Por Lino Predel
"La verdadera literatura sólo puede existir cuando no la crean sujetos diligentes y fiables, sino locos, ermitaños, herejes, soñadores, rebeldes y escépticos".
Si se piensa en los grandes clásicos de la literatura rusa, inmediatamente vienen a la mente los nombres de Dostoievski o Tolstoi, Gogol y Pushkin, pero poca gente conoce, por desgracia, a los autores de la época soviética que, debido a que sus obras no encajaban perfectamente con la ideología de la época, se vieron obligados a abandonar el país o a renunciar a su profesión de escritores, cuando no a su vida.
Zamiatin es un buen representante de ese periodo.
Fue revolucionario tanto en sus escritos, en los que mezclaba realismo y ciencia ficción, como en su vida, en la que luchó contra la represión de la libertad, y luego, como ya no le permitían publicar, decidió escribir una carta a Stalin, rogándole que le permitiera abandonar el país que maniataba su creatividad.

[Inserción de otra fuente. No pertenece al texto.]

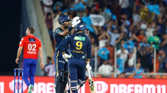 আর এ জুটিই শুরুর বিপর্যয় কাটিয়ে গুজরাটকে ম্যাচে রেখেছিল। অভিনব মনোহর ফিরে যাওয়ার পর ব্যক্তিগত অর্ধশতক পূরণ করেন হার্দিক পান্ডিয়া। তবে ম্যাচে মোড় ঘুরিয়ে দেন রাহুল তেওয়াতিয়া। শেষ ৯ বলে ৩০ রানের প্রায় অসম্ভব হয়ে ওঠা সমীকরণে হঠাতই এ বাঁ-হাতি ব্যাটারের ব্যাটিং ঝড়ে ম্যাচে দারুণ ভাবে ঘুরে দাঁড়ায় গুজরাট।
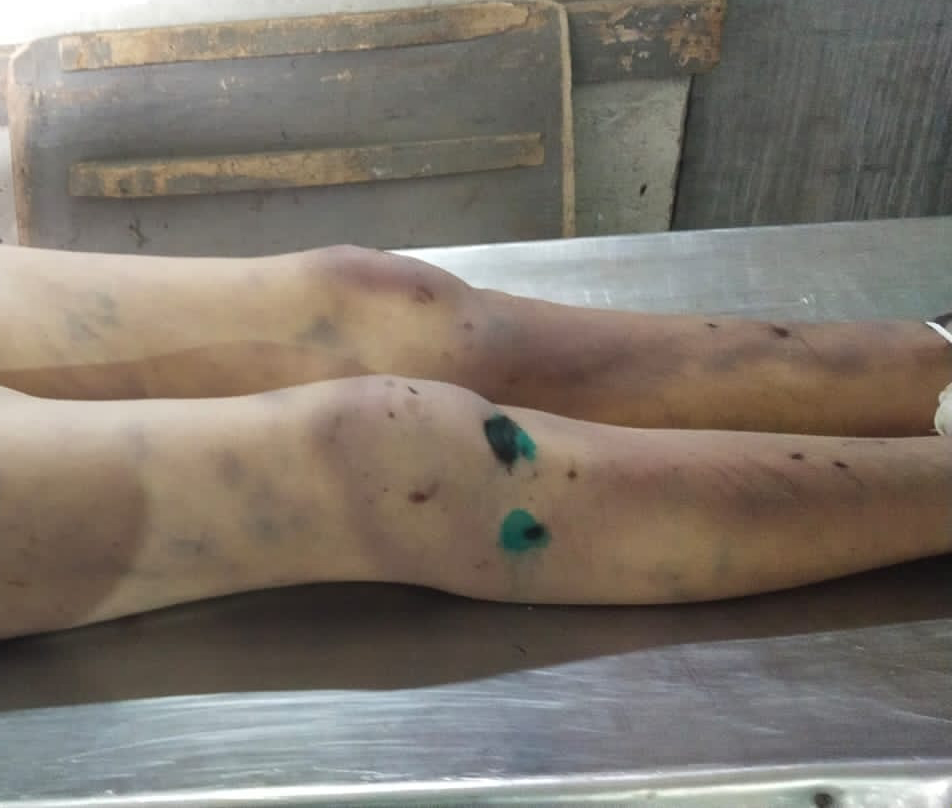 Родители обнаружили на теле сына многочисленные ссадины и гематомы, также на голове они нашли подозрительные нитки. Возможно, проводилась трепанация черепа.

Todo ocurrió tras la publicación de uno de sus libros en Inglaterra en 1924.
He aquí, pues, a un autor que anticipó a Orwell, Huxley, Bradbury y todos los demás grandes escritores distópicos del siglo XX, un autor que, justo en los albores de la sociedad soviética, hipotetizó un futuro trágicamente totalitario.

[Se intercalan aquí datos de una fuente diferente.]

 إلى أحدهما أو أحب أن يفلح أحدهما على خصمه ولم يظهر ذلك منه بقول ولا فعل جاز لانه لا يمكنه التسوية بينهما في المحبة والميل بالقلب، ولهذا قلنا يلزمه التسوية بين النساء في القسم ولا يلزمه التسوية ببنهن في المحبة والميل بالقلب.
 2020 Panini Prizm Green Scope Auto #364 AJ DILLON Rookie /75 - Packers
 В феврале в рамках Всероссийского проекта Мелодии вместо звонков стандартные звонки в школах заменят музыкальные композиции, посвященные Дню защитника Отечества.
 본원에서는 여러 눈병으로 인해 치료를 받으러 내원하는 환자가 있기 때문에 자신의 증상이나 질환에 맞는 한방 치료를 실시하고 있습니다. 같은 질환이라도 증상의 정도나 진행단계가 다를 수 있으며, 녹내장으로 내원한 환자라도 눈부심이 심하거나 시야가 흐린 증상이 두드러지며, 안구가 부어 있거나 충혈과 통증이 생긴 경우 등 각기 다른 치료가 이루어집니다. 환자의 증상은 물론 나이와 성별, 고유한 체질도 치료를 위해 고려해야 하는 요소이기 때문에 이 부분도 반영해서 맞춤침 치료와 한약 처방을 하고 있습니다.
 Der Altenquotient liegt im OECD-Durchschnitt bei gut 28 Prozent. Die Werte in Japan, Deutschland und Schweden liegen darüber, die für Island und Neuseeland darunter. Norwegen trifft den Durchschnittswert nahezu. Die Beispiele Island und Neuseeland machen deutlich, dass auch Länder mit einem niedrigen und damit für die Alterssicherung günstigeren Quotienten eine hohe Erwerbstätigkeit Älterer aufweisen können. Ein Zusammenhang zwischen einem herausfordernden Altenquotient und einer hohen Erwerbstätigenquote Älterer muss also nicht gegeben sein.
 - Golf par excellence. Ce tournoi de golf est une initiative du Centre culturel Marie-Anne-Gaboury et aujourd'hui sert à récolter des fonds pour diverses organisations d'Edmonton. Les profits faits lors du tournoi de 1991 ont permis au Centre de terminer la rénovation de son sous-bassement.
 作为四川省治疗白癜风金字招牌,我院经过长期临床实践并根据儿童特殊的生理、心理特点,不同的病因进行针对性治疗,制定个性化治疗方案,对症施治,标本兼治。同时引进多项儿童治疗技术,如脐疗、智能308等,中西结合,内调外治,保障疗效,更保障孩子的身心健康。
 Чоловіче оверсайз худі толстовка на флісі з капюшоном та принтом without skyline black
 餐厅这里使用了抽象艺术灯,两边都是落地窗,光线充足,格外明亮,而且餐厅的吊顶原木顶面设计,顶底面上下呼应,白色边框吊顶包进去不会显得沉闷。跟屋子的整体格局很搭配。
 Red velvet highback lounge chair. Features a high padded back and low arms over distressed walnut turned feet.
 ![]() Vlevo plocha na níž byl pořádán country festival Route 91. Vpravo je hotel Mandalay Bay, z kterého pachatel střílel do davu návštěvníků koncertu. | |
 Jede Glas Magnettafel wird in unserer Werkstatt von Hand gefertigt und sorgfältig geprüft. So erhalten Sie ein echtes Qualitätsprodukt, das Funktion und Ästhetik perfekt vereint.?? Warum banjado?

Un autor que abrió las danzas de la distopía totalitaria sin ser recordado por la mayoría, que, golpeado por la censura, tuvo que trasladarse a Francia a causa de sus novelas que no eran bien recibidas en su patria.
Se trata de Yevgeni Ivanovič Zamiatin, y el libro censurado fue "Nosotros".
"Nosotros" nos enseña que en cualquier situación en la que nos encontremos, en la que se nos haga creer verdades dadas, dadas por sentadas, nuestra única salvación puede ser la duda, y si esta duda nos obliga a dar un paso atrás, a reevaluar lo que siempre hemos creído, bienvenida sea: la única verdad, tal vez, sea la búsqueda de la verdad.
La distopía de Zamjatin no reside tanto en la apertura de una polémica contra la utopía realizada por el bolchevismo, sino contra todo proceso de estandarización y automatización de la vida privada y colectiva. Y todo esto, bien mirado, está presente tanto en el comunismo como en el capitalismo.
La organización perfecta es la verdadera pesadilla; la pesadilla es el automatismo llevado a la perfección, tal vez sea la perfección misma, o la idea de la perfección posible.
Cuando Zamiatin escribió y difundió "Nosotros" en los años posteriores a la redacción del texto, entre el 19 y 21, Stalin aún no había llegado al poder, y el hecho de que Lenin ya hubiera puesto en marcha los gulags (campos de concentración gubernamentales) nadie podía saberlo, siendo una adquisición histórica relativamente cercana a nuestro propio tiempo.
Además, los totalitarismos tanto de Mussolini como de Hitler aún no habían cuajado.
Zamiatin, en cambio, tenía ante sus ojos el modelo taylorista, había viajado por el continente europeo, llegando a Inglaterra: había experimentado de primera mano las formas impulsadas de racionalización económica y temía que se extendieran a toda la sociedad.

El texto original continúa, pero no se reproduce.